Moradores da Ladeira Saint Roman, na zona Sul, sofrem ameaças de traficantes após ação policial

O Comando da Coordenadoria de Polícia Pacificadora (CPP) abriu, ontem, procedimento interno para apurar denúncias de invasão de policiais militares de casas na Rua Saint Roman, que atravessa os bairros de Copacabana e Ipanema. Moradores enviaram na quarta-feira uma carta à UPP (Unidade de Polícia Pacificadora) das favelas do Pavão-Pavãozinho e Cantagalo, ao 19º Batalhão da Polícia Militar, à 13ª Delegacia Policial e à Ouvidoria do Ministério Público estadual. Nela, denunciam que, “sem mandado de busca, sem tocar a campainha, quase sempre na madrugada, equipes da PM invadiram algumas dessas casas para pularem os muros em operações surpresa. A partir desses episódios, moradores da Rua Saint Roman foram procurados e ameaçados por pessoas possivelmente ligadas a contraventores (traficantes)”. As ações aconteceram entre maio e junho passados. 

Um dos moradores, que não quis se identificar, contou que, no mês passado, agentes da PM fardados avançaram sobre sua casa por volta das 6h30. “Eles entraram na minha residência e também nas duas casas do lado. Nossas casas fazem limite com a comunidade, por intermédio de muros. Os policiais resolveram usá-las, para não percorrem as vias normais. Mas traficantes vieram tomar satisfação conosco, embora, é claro, nós não tenhamos permitido que ninguém ocupasse nossas casas”, afirmou.

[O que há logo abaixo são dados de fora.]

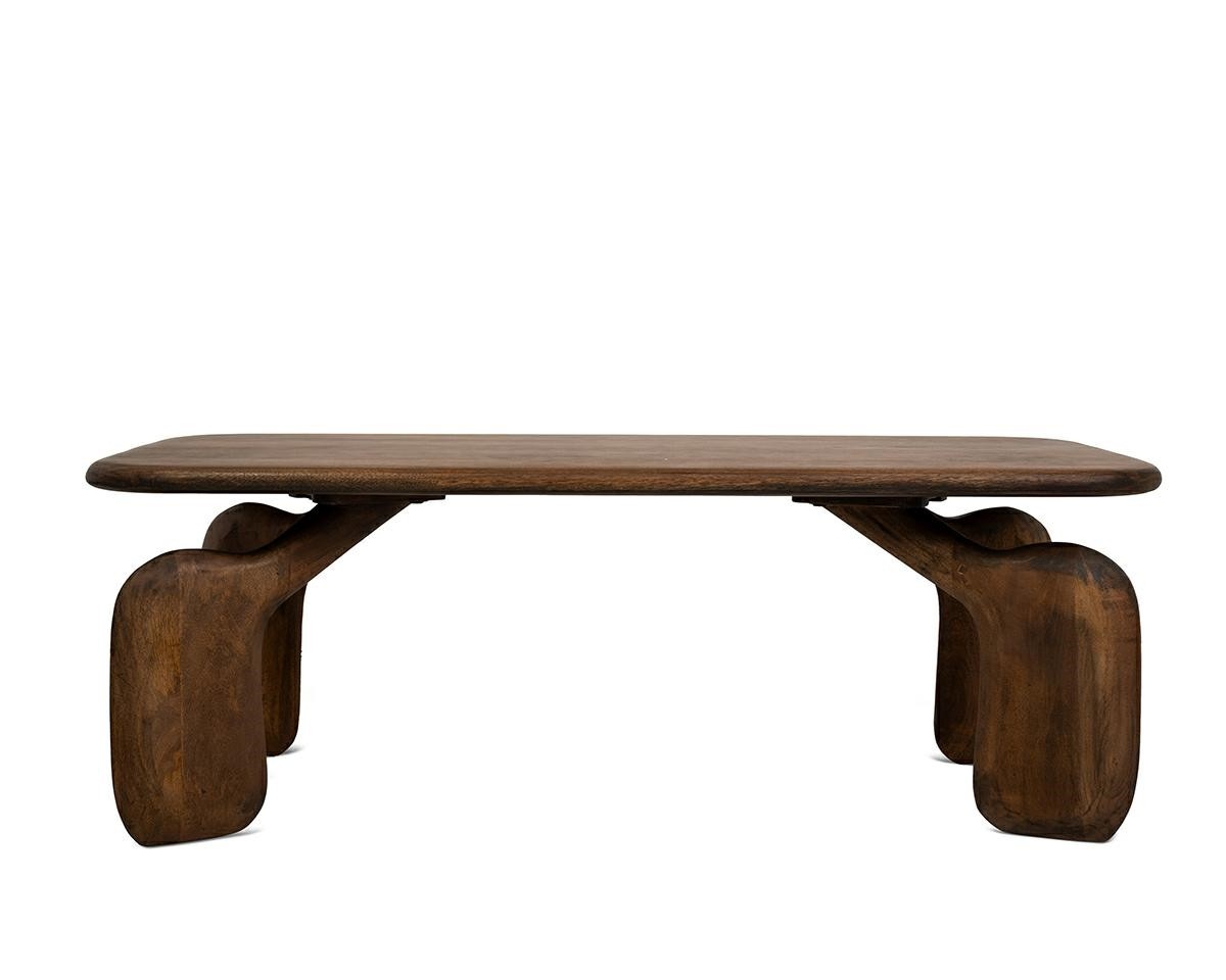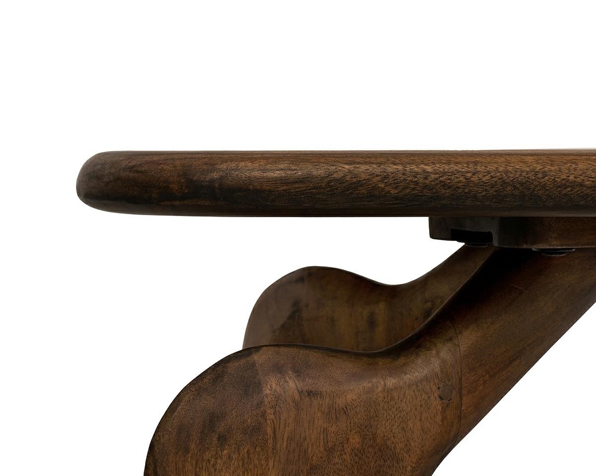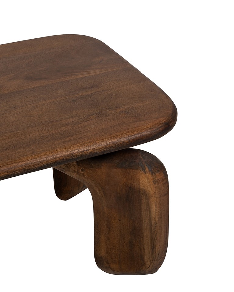 W całości wykonany z litego drewna mango, zachwyca naturalnym usłojeniem, które nadaje każdemu egzemplarzowi unikalny charakter. Ciepły, głęboki brąz podkreśla elegancję materiału i wprowadza do wnętrza przytulną, organiczną atmosferę. Blat o zaokrąglonych krawędziach miękko kontrastuje z dynamiczną linią podstawy, która przyciąga uwagę geometrycznym, wręcz rzeźbiarskim kształtem.

Segundo outro morador, “bandidos ameaçaram todos os residentes da via”. Mas alguns deles, como assinalado na carta, tiveram suas casas atingidas por pedras e pedaços de concreto.

Embora nas duas últimas semanas não tenha havido tiroteios, desde abril a Rua Saint Roman tem seus moradores e pedestres expostos a balas. As marcas dessas trocas de tiros já podem ser vistas nos prédios em frente à escadaria que dá acesso à comunidade do Cantagalo, que fica na parte de Ipanema. Nesses edifícios, quando há confrontos entre policiais e traficantes, pessoas são obrigadas a sair de suas salas e ficar nos corredores dos imóveis. Alguns apartamentos já tiveram balas atravessando as janelas. 

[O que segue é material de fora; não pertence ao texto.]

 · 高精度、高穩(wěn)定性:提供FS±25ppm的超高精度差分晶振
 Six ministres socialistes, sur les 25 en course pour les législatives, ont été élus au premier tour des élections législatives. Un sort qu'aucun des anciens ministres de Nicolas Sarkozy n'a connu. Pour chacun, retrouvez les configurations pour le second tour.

Outro morador, que também não se identificou, disse que, no mês passado, policiais militares adentraram seu prédio, mas foram questionados por dois condôminos. Eles queriam acessar a cobertura da edificação, para ter uma visão melhor das favelas. “Nós temos duas janelas e o blindex da portaria perfurados”, disse o morador, que contou ainda ter sido abordado na rua por dois homens, que lhe perguntaram por que foi permitida a entrada dos policiais no prédio. “Eu tive de explicar que não foi permitido; eles invadiram”.

“Os policiais invadem nossas casas, vão embora, e nós sofremos as consequências de suas ações. Queremos um policiamento constante e não esse tipo de ação danosa”, disse outro morador. Segundo ele, a frequência desses confrontos aumentou à medida que a crise das UPPs foi se agravando e a segurança pública do estado passou a ser comandada pelo Gabinete de Intervenção Federal.

A UPP do Cantagalo e do Pavão-Pavãozinho foi inaugurada em 2009. Logo no início do governo de Luiz Fernando Pezão, em 2014, a UPP foi se desestruturando. De 2009 a 2014, também aconteceram as obras do Programa de Aceleração de Crescimento, com recursos, sobretudo, do governo federal. À semelhança do que ocorreu com a UPP, o ritmo das obras diminuiu com a crise fiscal do país e do próprio Estado do Rio. Algumas delas sequer foram concluídas. 

Um morador lembrou que, entre 2009 e 2014, a Rua Saint Roman se transformou numa pulsante via de comércio e albergues, já que o binômio segurança e investimento em infraestrutura estavam então caminhando juntos. Houve implantação de redes de esgotamento sanitário e abastecimento, além de drenagem e pavimentação. Um elevador panorâmico dando acesso à Favela do Cantagalo também foi erguido. “Nesse período, abriram hostels não só na rua, como nas três comunidades. Turistas procuram se hospedar na rua ou nas comunidades. Moradores do asfalto passaram a ir mais às favelas. Bares e restaurantes ficavam bem mais cheios do que agora”, cita o morador.